Dataset extract |

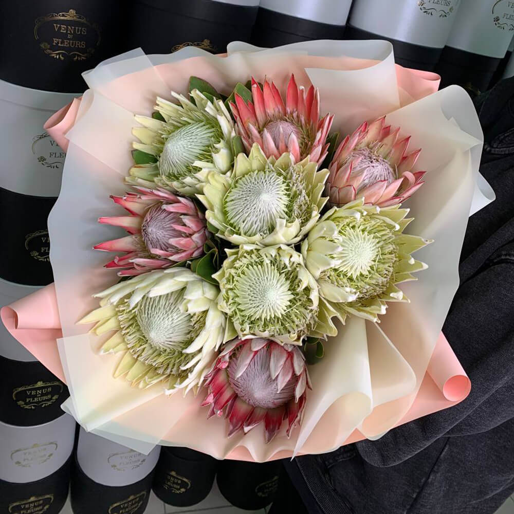 Цветы мы закупаем каждое утро, чтобы они оставались максимально свежими; именно поэтому они Вас будут радовать от 7 до 14 дней.
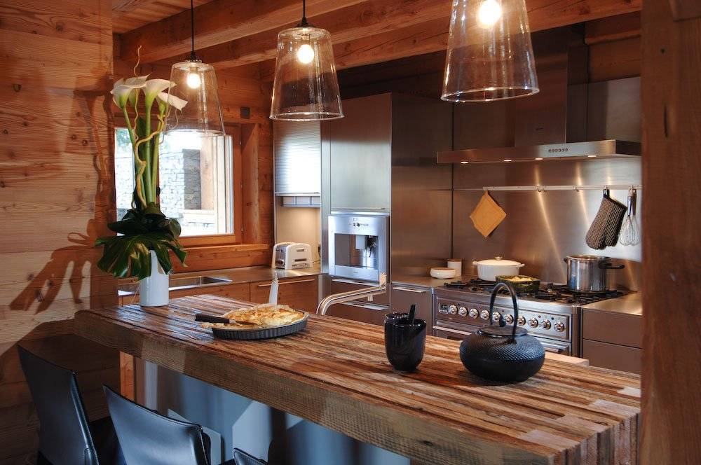 Дизайнеры умело соединили элементы стиля шале и бытовую технику
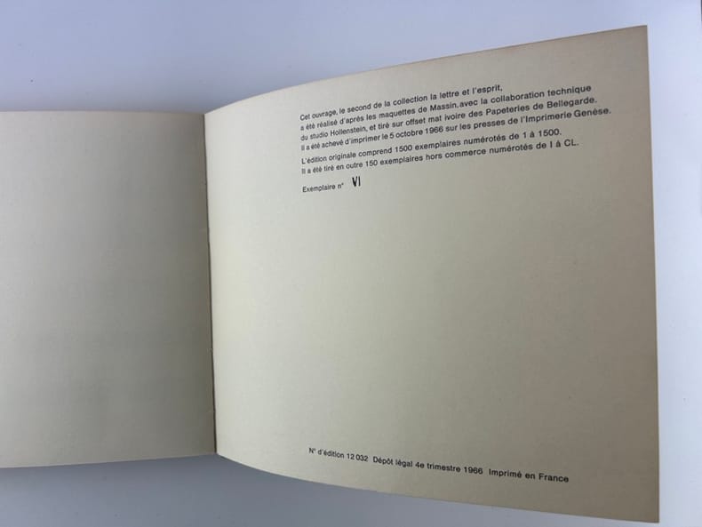 Paris Gallimard. Collection La Lettre et l'Esprit 1501 21x18cm,, broché sous couverture rempliée, 81p. Second ouvrage de la collection La Lettre et l'Esprit réalisé d'après les maquettes de Massin et la collaboration technique du studio Hollenstein. Un des 150 ex. hors commerce tirés sur offset mar ivoire après 1500 exemplaires.
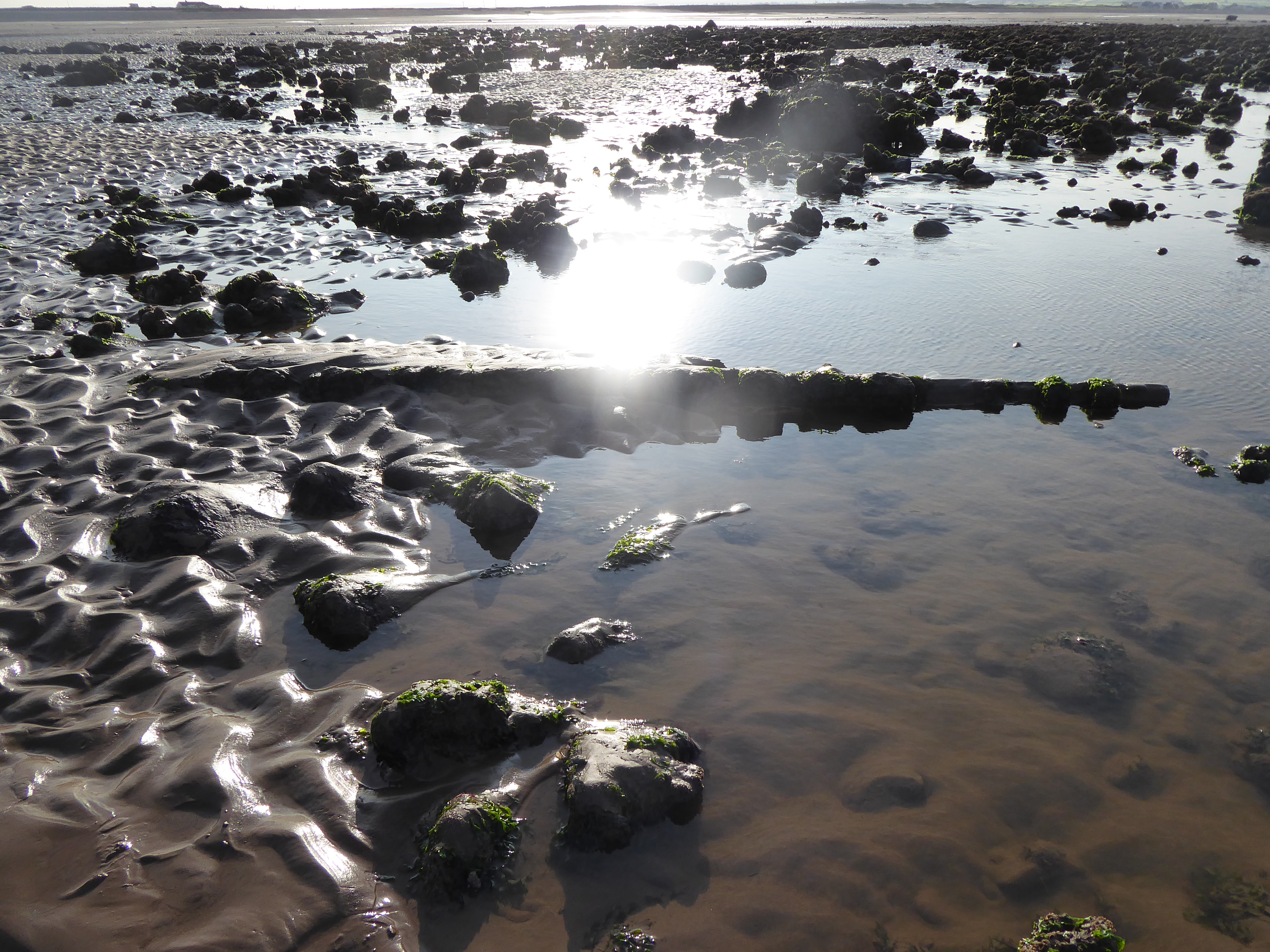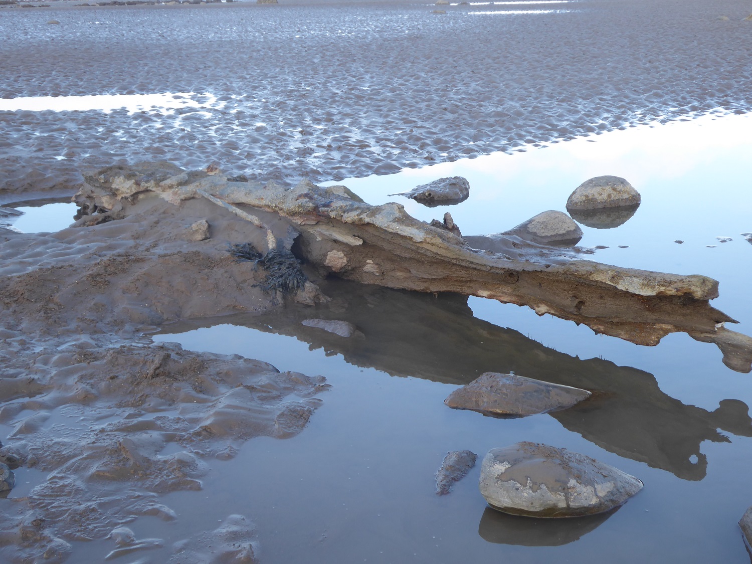 “the patches of black are like shadows along the sharp edges of channels in the sand. Walk down towards them, and the shadows resolve themselves into banks of peat. Poke them with your toe and feel how dense and sodden they are, smoothed by the friction of waves and sand. Walk on them and feel their sponginess. And gradually you will become aware that the dark organic mass is not only peat, but supports here a horizontal tree-trunk, or there a stump that radiates roots. Wander around and you will find trunks and branches, single and entangled, embedded in the peat and sand; and erect stumps, 20-30 cms high, their tops flattened as though cut by a chainsaw. The wood is still fibrous, soft and dark; you can crumble it and tease it apart, as though it were any rotting log in a woodland. But the difference is that this woodland thrived about 8000 years ago.”
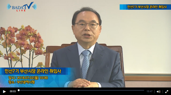 한편 이날 시 인터넷방송 바다TV를 통해 생중계한 취임사는 바다TV를 비롯한 네이버, 유튜브, 다음카카오, 아프리카TV, 판도라TV 등을 통해 시청할 수 있다.
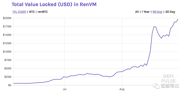 renBTC在Curve推出CRV代币后锁定资产量剧增三倍,DEFIPULSE
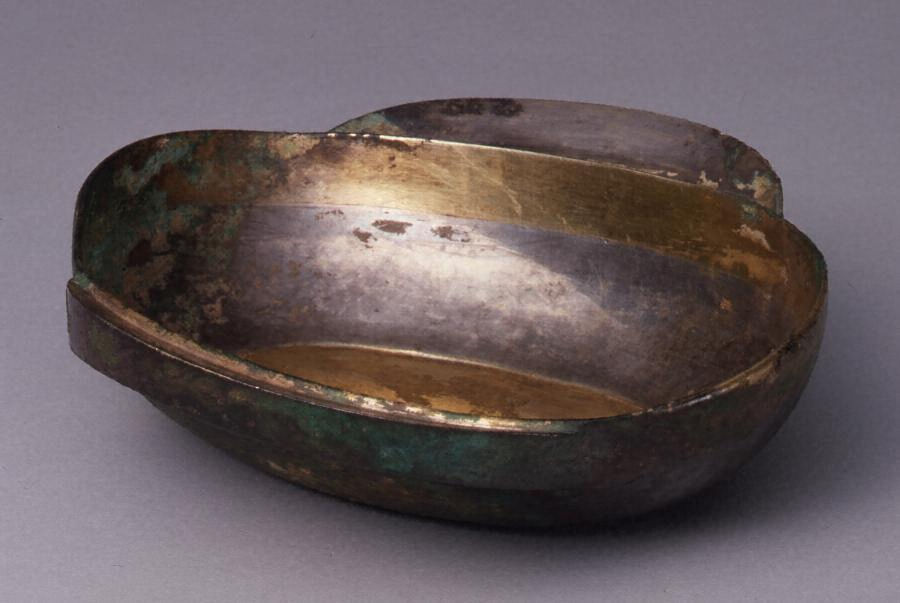 いわゆる耳杯である。現在器の周縁内外と内底に鍍金がよく遺っている。外底面に文字が三字鏤刻されている。

Work instruction | Quote, exactly and only, the lines from the first line of the data above through the line containing "Paris Gallimard. Collection". The pictures do not belong in it.

Response to the task |
 Цветы мы закупаем каждое утро, чтобы они оставались максимально свежими; именно поэтому они Вас будут радовать от 7 до 14 дней.
 Дизайнеры умело соединили элементы стиля шале и бытовую технику
 Paris Gallimard. Collection La Lettre et l'Esprit 1501 21x18cm,, broché sous couverture rempliée, 81p. Second ouvrage de la collection La Lettre et l'Esprit réalisé d'après les maquettes de Massin et la collaboration technique du studio Hollenstein. Un des 150 ex. hors commerce tirés sur offset mar ivoire après 1500 exemplaires.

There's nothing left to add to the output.